Nesta edição do Radar Tributário, detalhamos as recentes atualizações normativas e os ajustes em layouts que exigem a atenção imediata de equipes fiscais e de tecnologia. É o momento de ir além da teoria e acelerar a homologação de ERPs e a revisão de parametrizações para garantir a conformidade na nova era fiscal.

1. Atos Normativos da Semana

Regulamentação infralegal da CBS e do IBS passa a produzir efeitos operacionais concretos

A semana foi marcada pelos desdobramentos técnicos da publicação do Decreto nº 12.955/2026, da Resolução CGIBS nº 6/2026 e da Portaria Conjunta MF/CGIBS nº 7/2026, todos divulgados no final de abril e que passaram a dominar o ambiente operacional da Reforma Tributária. Os atos consolidaram formalmente a chamada “parte comum” dos regulamentos da CBS e do IBS. 

O principal efeito prático dessa formalização está ligado ao marco temporal previsto no Ato Conjunto RFB/CGIBS nº 1/2025. Com o reconhecimento oficial das disposições comuns, iniciou-se a contagem do prazo relacionado à adaptação obrigatória dos documentos fiscais eletrônicos contendo campos de IBS e CBS. A interpretação predominante passou a apontar 01/08/2026 como o marco operacional relevante para o início efetivo das exigências documentais completas e das validações associadas. 

Embora 2026 continue sendo tratado oficialmente como período de adaptação e aprendizagem, a regulamentação publicada no final de abril deixou o ambiente muito mais próximo de uma operação real do que apenas experimental.
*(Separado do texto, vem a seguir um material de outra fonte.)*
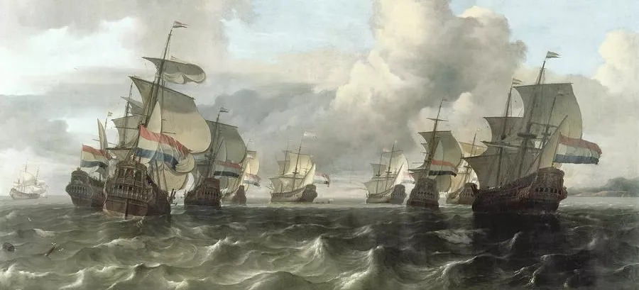 1652年,荷蘭獨立僅僅四年,英國和荷蘭就為爭奪海上霸權而開戰。1652-1654,1665-1667,1672-1674年,英國和荷蘭之間打了三次戰爭。與一般人的印象不同,三次英荷戰爭中,荷蘭並沒有戰敗。第二次英荷戰爭,荷蘭艦隊衝入泰晤士河,炮轟倫敦。第三次英荷戰爭,在英國和法國兩大強國的夾擊之下,荷蘭在海上擊敗英國,簽署了對自己有利的和約。
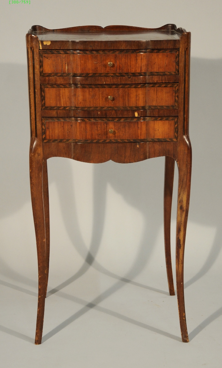TABLE CHIFFONNIÈRE en placage de bois de rose en frise. Elle ouvre par trois tiroirs à ressaut et repose sur des pieds cambrés. Ceinture et rebords du plateau chantourné. Décor de filets marquetés.
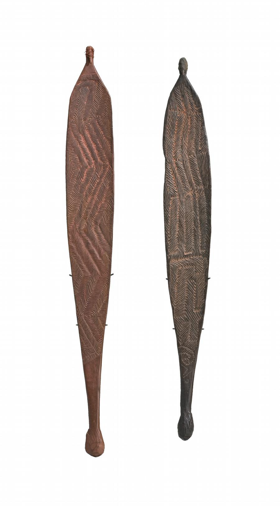 carved in hardwood, the front decorated with incised traditional zig-zag designs in-filled with traces of red pigments and one with a lower bulbous throwing handle
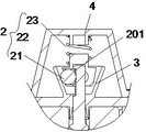 参见图7所示,卡合结构2包括与卡槽201相匹配卡合的卡紧件21、限定卡紧件21的限定件22;限定件22的结构与第一个实施例中的基本相同,区别在于输出轴20的上端位于容纳腔220内,因而在容纳腔220的顶部可以不开设通孔。Referring to Fig. 7, the engaging
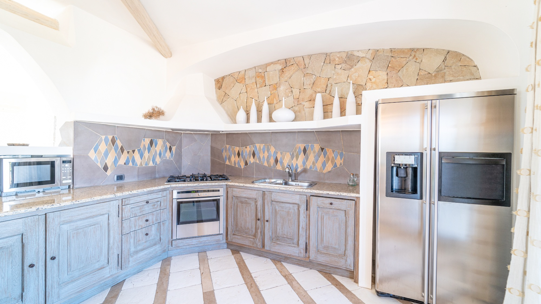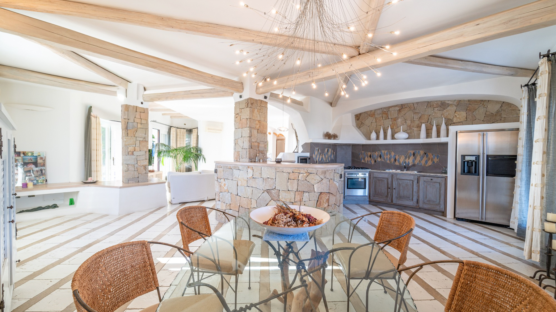 Tucked away in the vibrant town of Olbia, this exquisite property offers a serene escape where luxury meets comfort. Imagine waking up to the soft glow of the morning sun, with views of lush greenery and a clear blue sky painting the backdrop of your day. Here, tranquility and elegance intertwine seamlessly. Spanning a generous 266 square meters, this magnificent home boasts ten spacious rooms and four elegantly appointed bathrooms. The property’s distinctive features include a private garden and pool, providing a sanctuary for relaxation and entertainment. A stunning rooftop terrace, complete with a shaded wooden structure and built-in barbecue, offers the perfect setting for hosting gatherings or enjoying peaceful solitude. The modern kitchen, with its light blue cabinetry and speckled stone countertops, exudes a contemporary charm that complements the serene surroundings. Located in the picturesque region of Sassari, this home embodies the quintessential coastal lifestyle. Living in this property is an invitation to experience the enchanting Italian coastal lifestyle. Picture yourself lounging by the private pool as the scent of the sea breeze mingles with the aroma of a freshly grilled meal. Evenings can be spent on the terrace, sharing laughter and stories under a canopy of stars, with the sounds of nature as your symphony. This residence is a testament to the harmonious blend of luxurious living and timeless sophistication. It stands as a unique jewel in the luxury real estate market, offering an unparalleled opportunity to own a slice of paradise in Olbia.
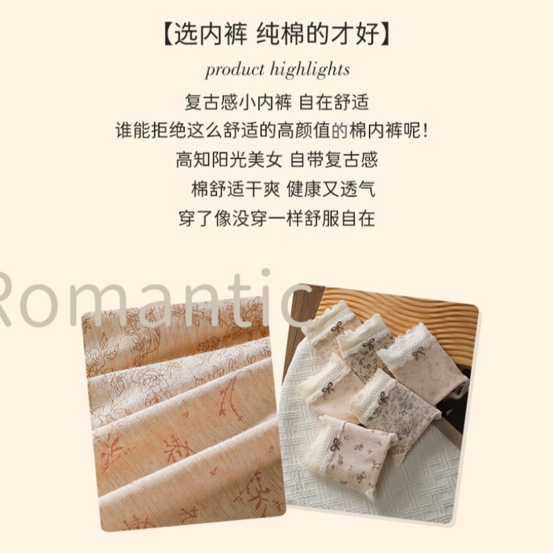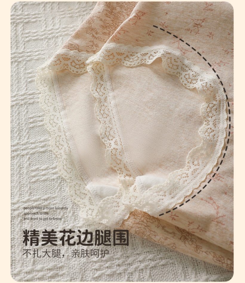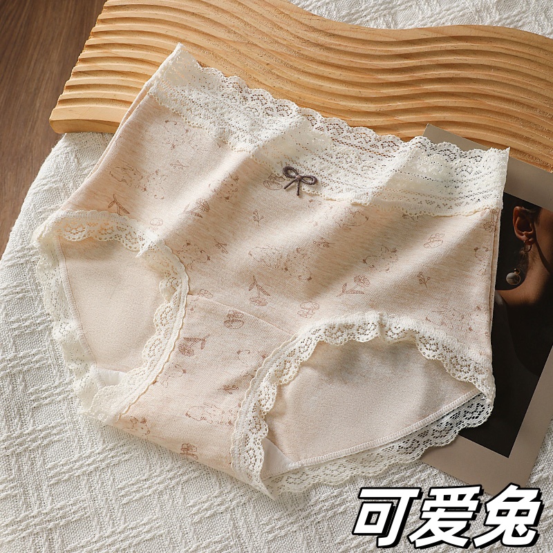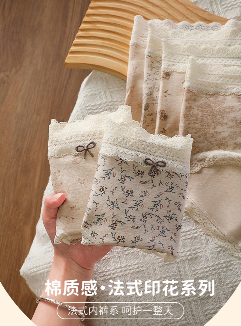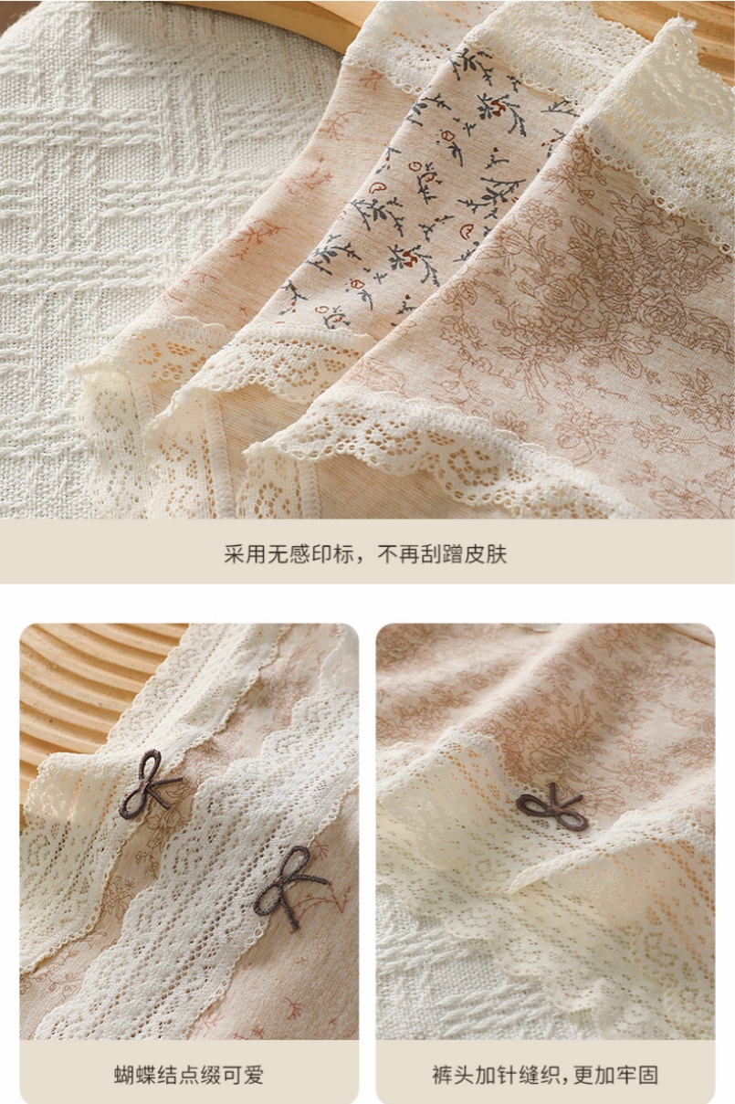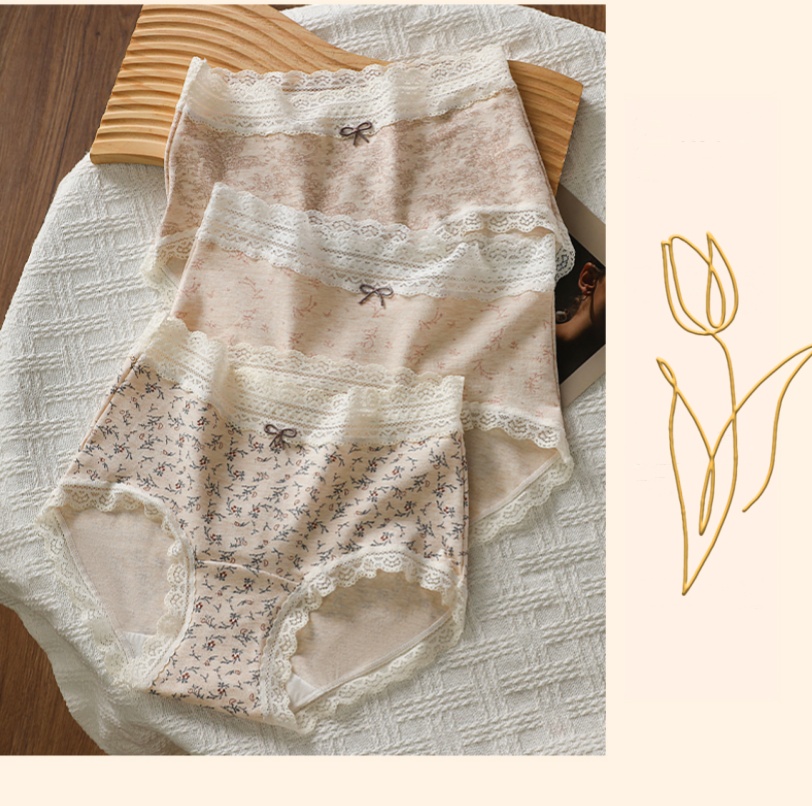 Fresh and pastoral style cotton underwear, high-waisted lace seamless extended cotton crotch underwear, sweet and girlish floral underwear
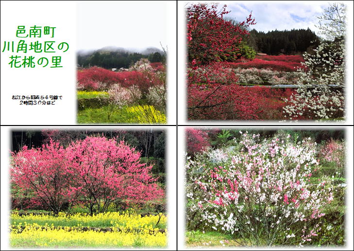 昨日はお休みで、春のお楽しみ邑南町川角地区の花桃を見に行ってきました。
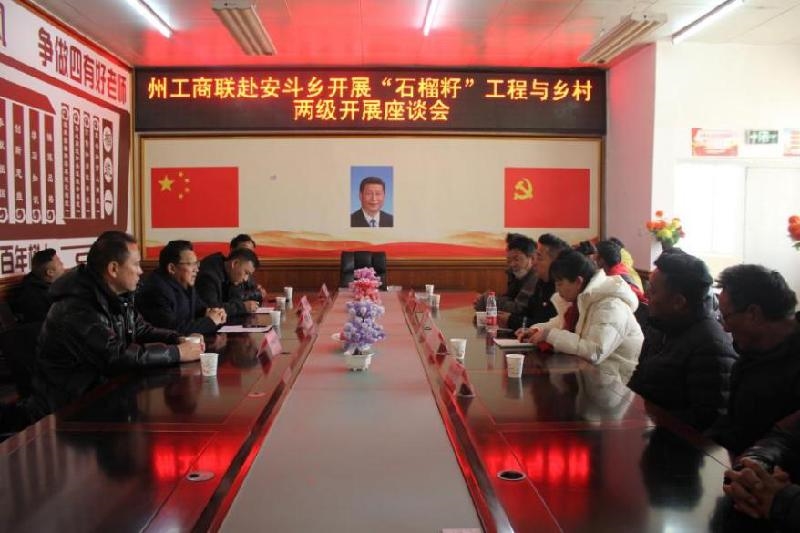 活动结束后,州工商联组织成都吉祥天嗣藏文化传播有限公司、安斗乡党委政府及村“两委”班子成员召开全国两会和州委十二届五次、六次全会精神宣讲会,并就困难乡镇托底性帮扶工作展开座谈,共同商议乡村发展规划、产业发展布局、集体经济发展壮大、基础设施建设、民生工程实施等工作。
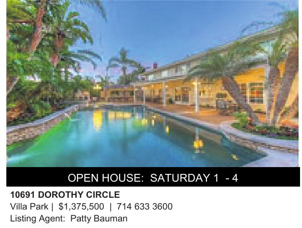 OPEN HOUSE: SATURDAY 1 - 4 10691 DOROTHY CIRCLE Villa Park | $1,375,500 | 714 633 3600 Listing Agent: Patty Bauman
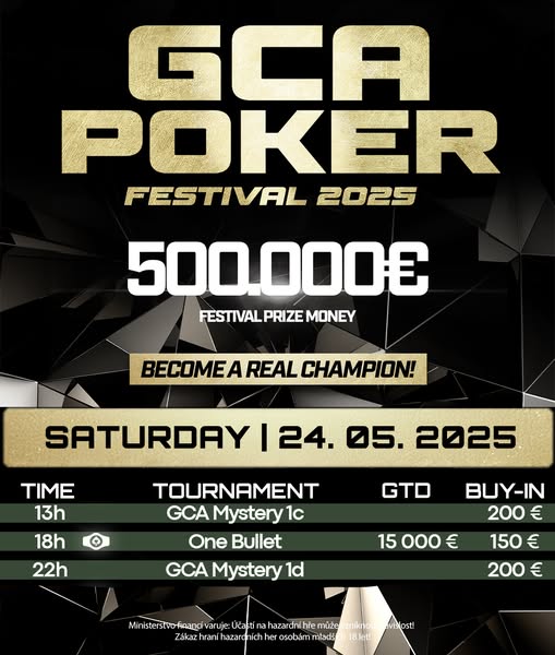 Heute geht es im GCA Pokerraum um 13:00 Uhr weiter mit dem Tag 1C des €200 Mystery (€100.000). Um 18:00 Uhr steht das €130+20 One Bullet Championship (€15.000 GTD) auf dem Programm und um 22:00 Uhr der Tag 1D des €200 Mystery (€100.000).
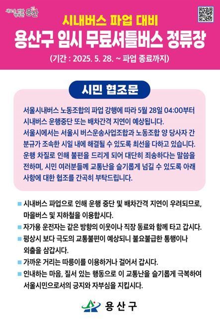 서울 용산구가 28일 서울 시내버스 전면 운행 중단에 대비해 임시 무료셔틀버스를 긴급 투입한다. 임시버스는 45인승 전세버스로 4개 권역에 각각 4대씩 총 16대가 투입된다. 운행 시간은 평일 오전 6시부터 밤 10시까지, 주말은 오전 7시부터 밤 9시까지이며, 배차 간격은 20~30분이다.
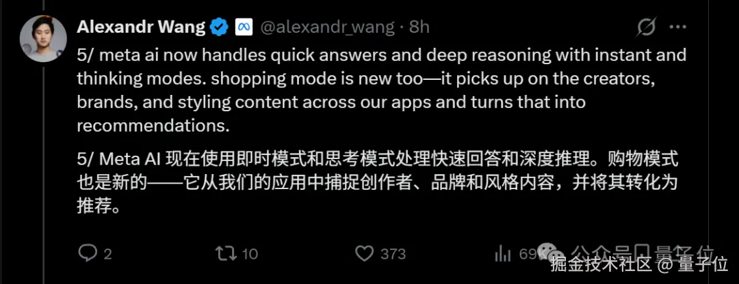 亚历山大王表示,模型会结合用户在 ins、Facebook、Threads 上关注的创作者和品牌偏好,做个性化的购物推荐。
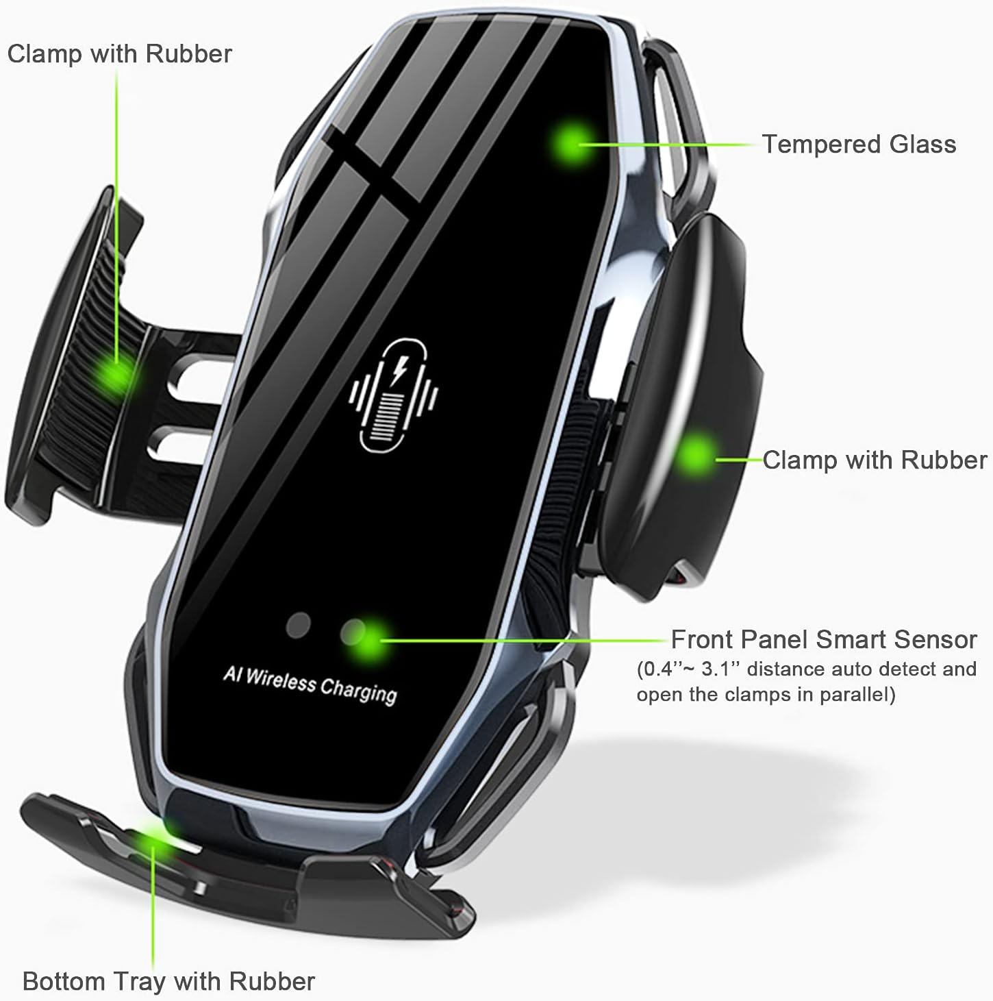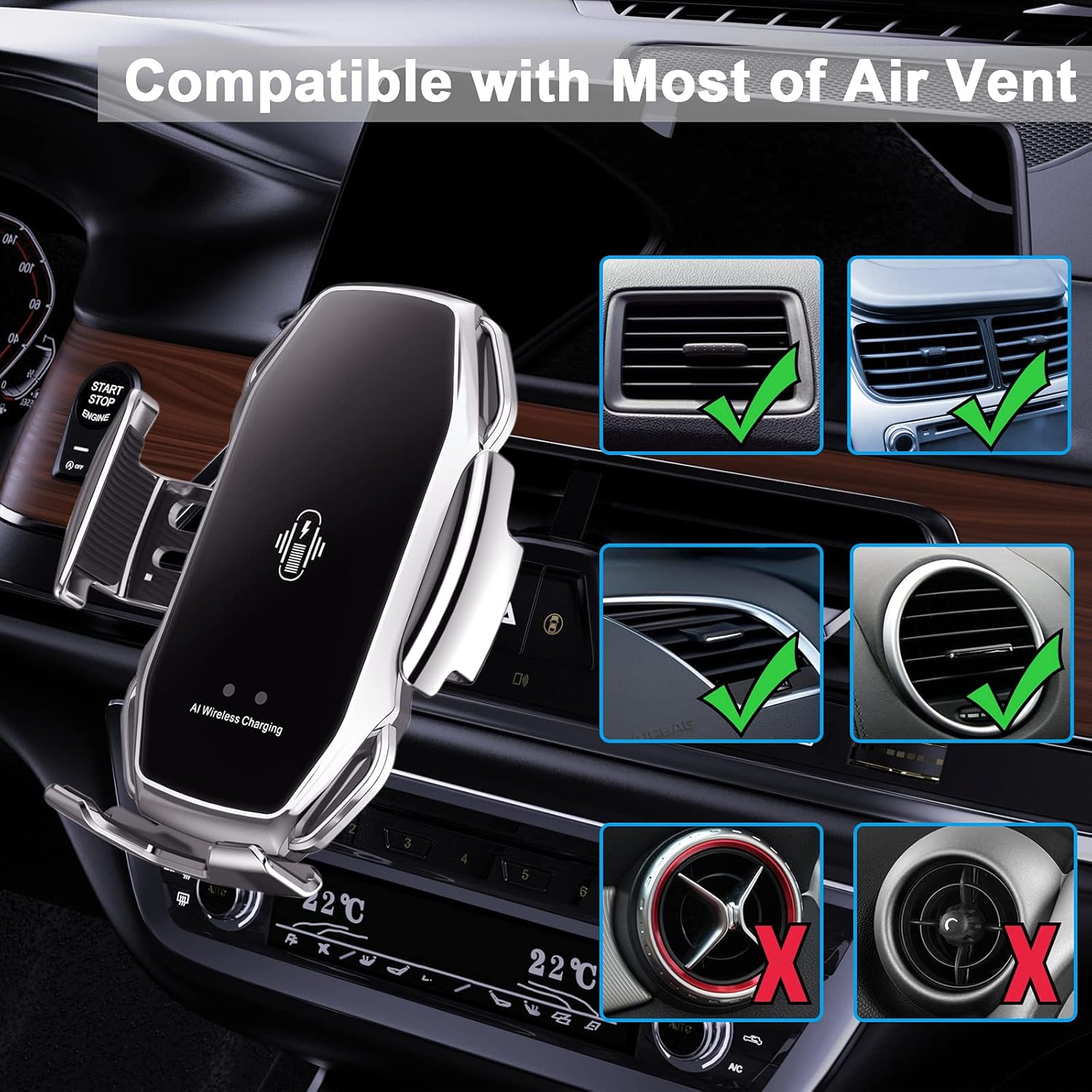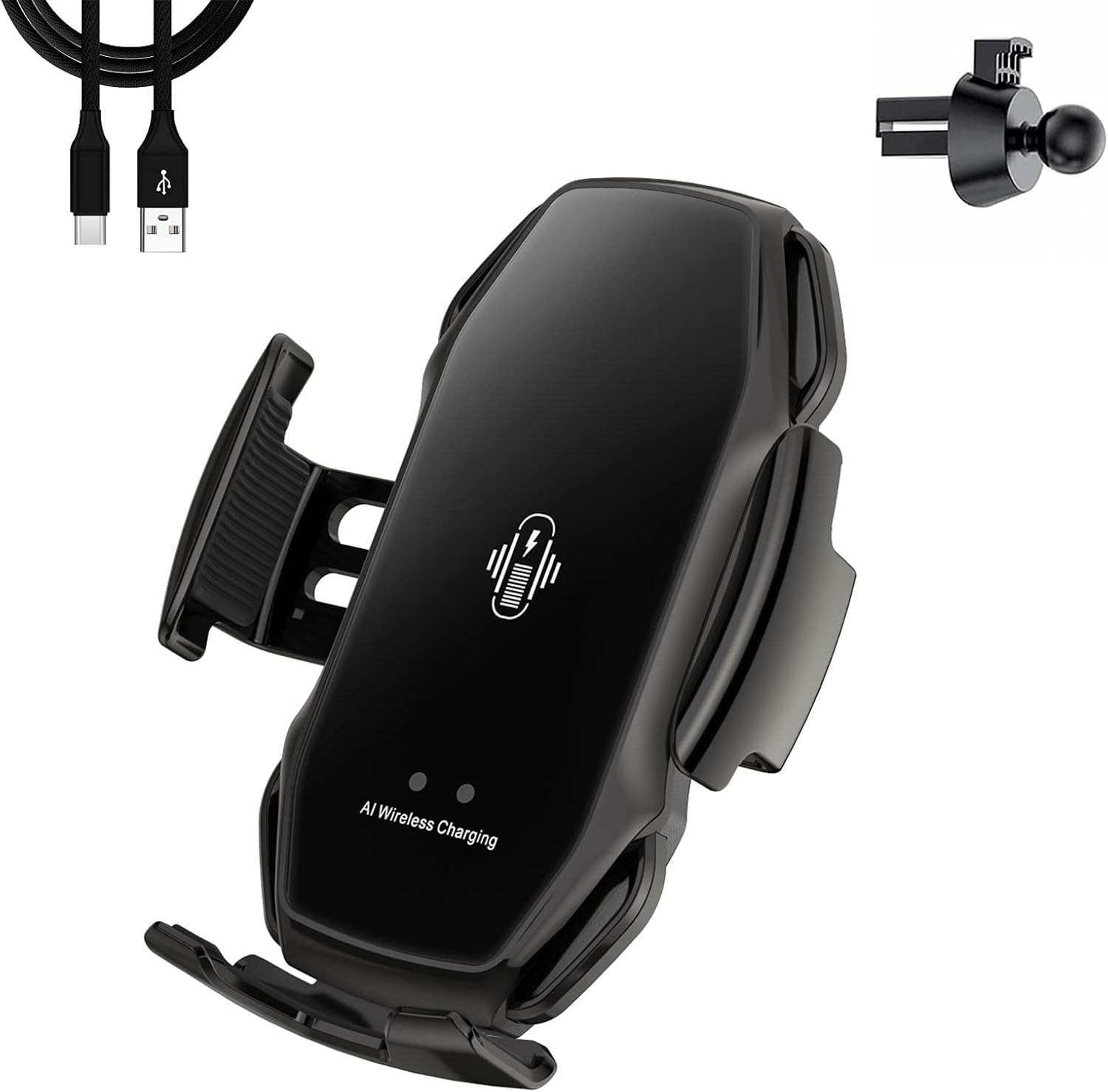 Den trådlösa billaddaren kombinerar snabb trådlös laddning med ett mobilfäste i en och samma produkt. Den erbjuder en komplett lösning för både laddning och stabil placering av telefonen under bilfärd.

Isso aumenta a pressão sobre ERPs, emissores fiscais e equipes tributárias para validação de processos ainda no primeiro semestre.

Receita Federal abre fase institucional de contribuições aos regulamentos

A Receita Federal informou oficialmente a abertura do período para envio de sugestões de aprimoramento aos regulamentos da Reforma Tributária, com prazo até 31/05/2026. A participação foi direcionada às entidades nacionais integrantes do fórum “Diálogos da Regulamentação da Reforma Tributária” e aos participantes do projeto-piloto da CBS. 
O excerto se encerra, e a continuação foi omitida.